Functional system overview

Data processing framework

Kylo provides support for the following pipelines functions:

  • pipeline definition
  • pipeline deployment
  • pipeline execution
  • pipeline management
  • pipeline monitoring

Microservices

The microservices are materialized in a string of containerized executables. These services are generated, developed and orchestrated through Kylo (Kylo + Apache NiFi). Each will need to link up with a Providence Service

  • Provenance:
  • All services are responsible for sending provenance or trace messages to an external/pluggable provenance system. Provenance messages are a step above basic logging in that they will be more well defined (what should be logged) and they will be collected by a central provenance system.
  • The Provenance Service collects provenance messages posted by the ingestion microservices and persists the messages for traceability and obtaining lineage of a message through the various services. The Provenance Service consists of two components: Provenance Persistence and Provenance Query Service.
  • The Provenance Persistence Service is a microservice that reads the messages posted by the ingestion microservice and persists them to Elasticsearch.
  • The Provenance Query Service is a microservice that responds to user queries on data traceability by searching Elasticsearch.

Ingestion framework

The Ingestion framework supports reception and storage of incoming data files to a “landing zone” from which it is available for processing. The framework consists of several microservices:

  • Producer:
  • Source Data systems are the entry point for all data that is to be ingested. Source Producers will be developed to extract and to post their data sets and/or requests to transfer data sets. It receives data in a variety of formats (for example: XML, CSV, binary, or by URI reference) through a variety of protocols (for example: HTTP/REST, SFTP Kafka/JSON).
  • In addition to extracting payload information from the source systems to the Landing Zone, each producer instance extracts metadata relating to the request. Further, data type and validation classification information is also extracted if it is part of the request URI.
  • Each Producer instance logs each request to “some enterprise providence service”. On completion of processing, if a failure occurred (for example: the payload is missing information), the request is logged into the Exception Service. This is part of the processing of ensuring full tracking of successful and failed processing.
  • Messages successfully processed are put into a standard Ingestion Framework message format for downstream processing.
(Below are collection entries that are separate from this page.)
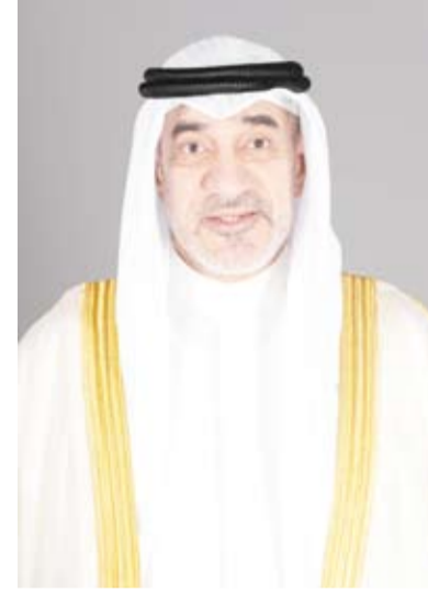
الشيخ فهد اليوسف

عقدت اللجنة العليا لتحقيق الجنسية الكويتية اجتماعاً، أمس، برئاسة رئيس مجلس الوزراء بالإنابة الشيخ فهد اليوسف، وقررت سحب وفقد الجنسية الكويتية من 962 حالة تمهيداً لعرضها على مجلس الوزراء.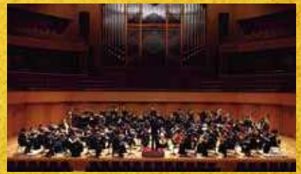
名古屋フィルハーモニー交響楽団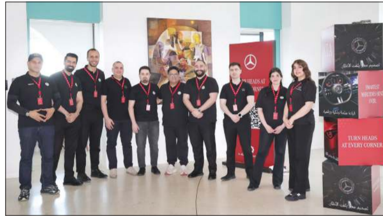
فريق عمل «الملا أوتوموبيلز» و«مرسيدس- بنز» في صورة جماعية

تطلق تأثيرات إضاءة متحركة عند فتح السيارة وإغلاقها، فيما تتواصل هذه الأجواء الضوئية في المصابيح الخلفية وشريط الإضاءة الممتد على كامل العرض، لتمنح CLA حضوراً بصرياً لا يخطئه الناظر نهاراً وليلاً. وتأتي جميع طرازات CLA مزودة بسقف بانورامي ثابت بلا دعائم وسطي كتجهيز قياسي، يمتد بسلاسة من الزجاج الأمامي حتى المؤخرة، ما يعظم مساحة الرأس ويملا المقصورة بضوء طبيعي. في داخل سيارة مرسيدس- بنز CLA الجديدة كلياً يقع نظام التشغيل MB.OS - الذي طورته مرسيدس- بنز داخلياً - في خطوة راسخة نحو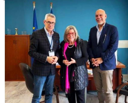
Incontri di advocacy in Grecia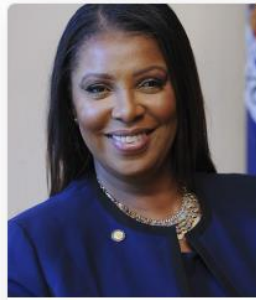
Letitia A. James New York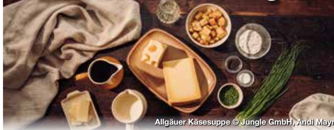
Allgäuer Käsesuppe

Das Allgäu besitzt einen reichen Schatz an traditionsreichen Gerichten – weit über die Allgäuer Kässpätzten, Nonnenfürzle oder Balzheimer hinaus: 15 Gerichte und Produkte sind zum kulinarischen Erbe erklärt worden. Sie zeigen, wie Tradition, Geschichte, Kultur und regionale Landwirtschaft zusammenhängen und vor allem aber, gelebt werden. Und das schon seit über 500 Jahren: solange wird beispielsweise schon die Allgäuer Seele in Wangen gebacken.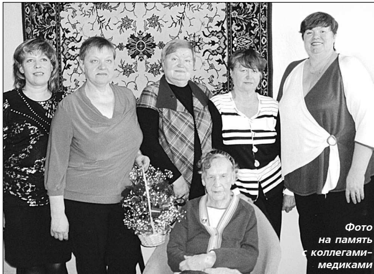
Фото на память с коллегами-медиками

фонендоскоп на случай оказания кому-либо медицинской консультации.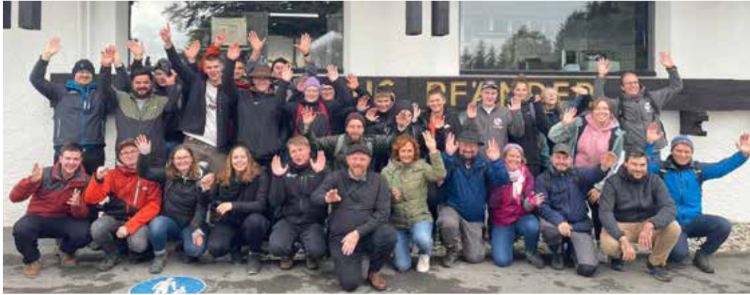
Zusammen mit dem Diözesanteam waren KLJBler*innen aus Nassenfels, Kaldorf, Wachenzell, Seubersdorf und Deining unterwegs.

dort aber vom Aussterben bedroht sind, leben hier wie in freier Wildbahn – nur ohne natürliche Fressfeinde. Wir bestaunten kleine Affenfamilien, beobachteten die Rangordnung unter den Tieren bei der Fütterung und schossen Fotos von und mit Affen. Keine Affen, aber unter anderem Hirsche, Wölfe und Wildschweine erwarteten uns am Sonntag in Allensbach. Hier wurden wir fachkundig durch ein Wildgehege mit freilaufenden weißen Hirschen geführt. In Sachen Wildtier macht uns so schnell keiner mehr was vor! Auch am Samstag auf dem Pfänder in Bregenz, einem Berg auf der österreichischen Seite des Bodensees, begegneten wir Steinböcken und Mufflons. Die Murmeltiere murmelten sich leider vor uns ein. Der eigentliche Grund für unseren Besuch hier waren aber eine Kräuterwanderung und eine Führung mit Informationen zur Geologie des Berges. Wir wissen jetzt, wie die Alpen entstanden sind, und bringen einige Tipps für die Hausmedizin mit nach Eichstätt zurück.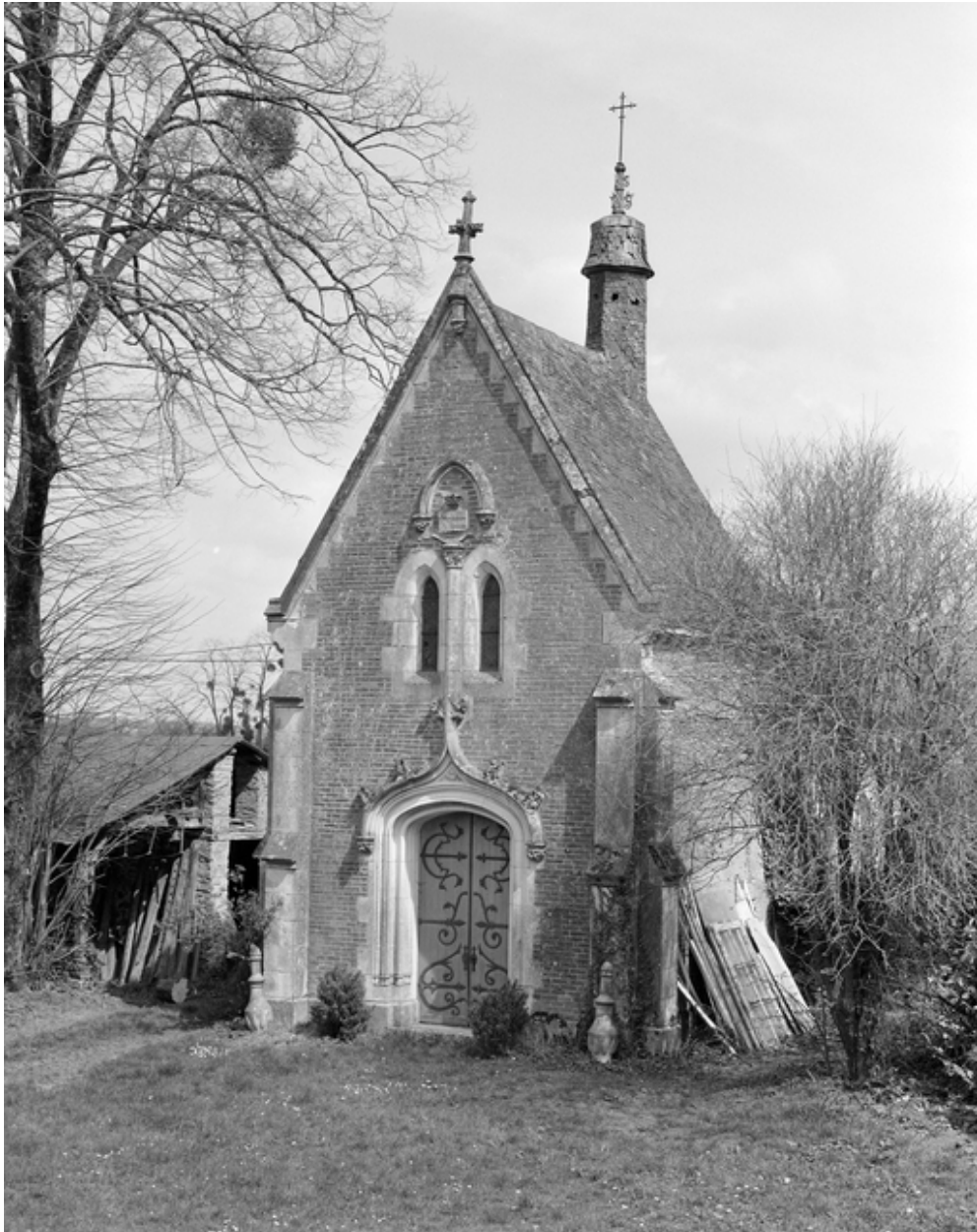
Vue de la chapelle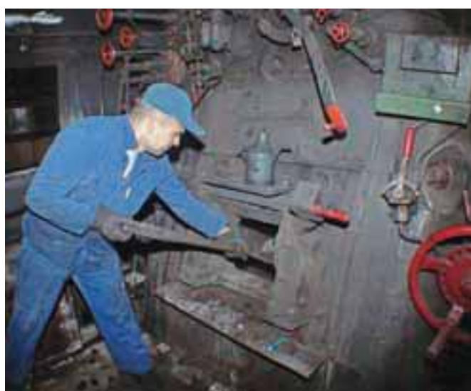
Pred prižigom pripravijo podlago iz premoga in lesa.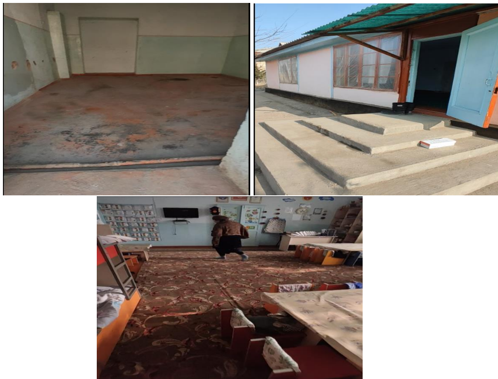
Рисунок 3. Фотографии объекта в с. Жаны Арык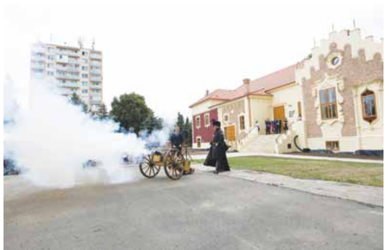
V 19. storočí (keď vo svojom letohrádku žil veľkostatkár Vagyón) sa významné udalosti oslavovali salvou z dela, ktorú na slávnostnom podujatí odpálil primátor.

Snahou Mesta Senica bolo vytvoriť modernú expozíciu so všetkými technologickými vymoženosťami, ktorá svojou interaktívnosťou zaujme všetky generácie, no najmä mladých ľudí. Ide o kontaktné múzeum, kde návštevník nie je len pasívnym poslucháčom, ale do získavania informácií je priamo vtiahnutý. Informácie o expozíciách získava aj dotykom, niekto-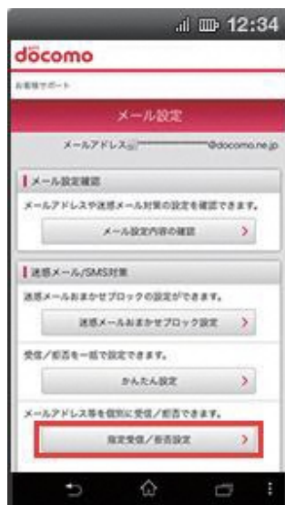
(1) 【指定受信/拒否設定】を押下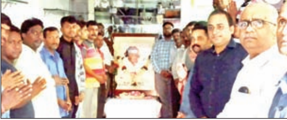
संस्थापक को नमन करते श्रीलेदर्स साकची के सदस्यगण।

These messages are output to a message queue that is configurable, that will be read by the next microservice in the ingestion workflow.
  • Consumer:
  • Consumer is a simple, configurable, message-driven microservice for transferring data from point A to point B.
  • It stores data to long-term, durable storage for subsequent processing (Staging Zone).
  • The Consumer Service (NiFi processor) listens for requests on an inbound queue. Each message represents a request to copy a blob (payload of data) from a source location to a target location. The source and target locations are configurable The specific process for determining the source blob name and the destination blob name from the metadata request are also configurable via the transfer service plugins.
  • After successful completion of the copy from the source location to staging zone and the archive zone, the consumer service posts a new message on the configured outbound queue as a notification to any interested parties to indicate that the resource is available in the new location.
  • Checkpoint:
    • Checkpoint service is a microservice that updates and conveys the outcome of the processing of an Ingestion F) to the Provenance service. Both successful and failed processing IMF notify the Checkpoint service. Checkpoint updates the IMF (see Checkpoint IMF classification below) and posts the updated message to Checkpoint outbound Provenance service's message queue.
    • Checkpoint service currently supports configurations for the ingestion pipeline and for the Data Processing Framework (DPF).
    • For ingestion pipeline processing Checkpoint service listens for messages on an inbound message queue and posts modifications to the IMF to the outbound Provenance and Regulator message queues.
    • For the Data Processing Framework (DPF) configurations, messages are posted to Checkpoint's secure HTTPS endpoint by Kylo, as well as the aforementioned outbound queues.

Processing Framework

This framework is responsible for validating the data, parsing and converting it to a Relational Format, and adding a Hive Schema to it.

  • Validate:
  • Validation determines if data has any exceptions and pushes validated data to the core zone.
  • Exception service is a microservice indicating that an error occurred and conveys the error to the Checkpoint and Provenance services. When an ingestion step fails, the message is posted on the inbound Exception service queue, and then the Exception service posts the update.
  • Exception service currently supports configurations for the ingestion pipeline.
  • For ingestion pipeline processing, the Exception service listens for messages on an inbound message queue and posts modifications to the Provenance message queues as well as the secure HTTPS endpoint for Kylo.
  • Flatten & Schema:
  • The flattening process parses the data (XML unbundling, or mapping of text fields and keys) and puts the fields into Hive columns with hive data types (because Spark reads Hive Tables faster).
  • This creates the new Hive Schema.
  • If exceptions occur, interfacing is with the same exception service identified in Validate, and the same processes are followed.

Access Framework

This framework is responsible for validating the data, parsing and converting it to a Relational Format, and then adding a Hive Schema to it.

  • Transform:
  • Transformation Services in this example is for future use and is not part of the scope beyond the processing framework identified above.
  • Conceptually, data mappings can be generated with NiFi and executed and monitored by Kylo.
  • Application Views:
  • Hive/Presto Views should be created to provide specific data access protections in addition to the other security measures being put in place (for example: Encrypted files in flight, Kerberos, Ranger Policies and Vormetric Transparent Encryption, and Files at rest). This limits what can be retrieved by individual users.
  • Semantic mapping to application specific requirements can also be generated here, which can represent logical mapping that occurs during access and not during the traditional ETL phase of processing.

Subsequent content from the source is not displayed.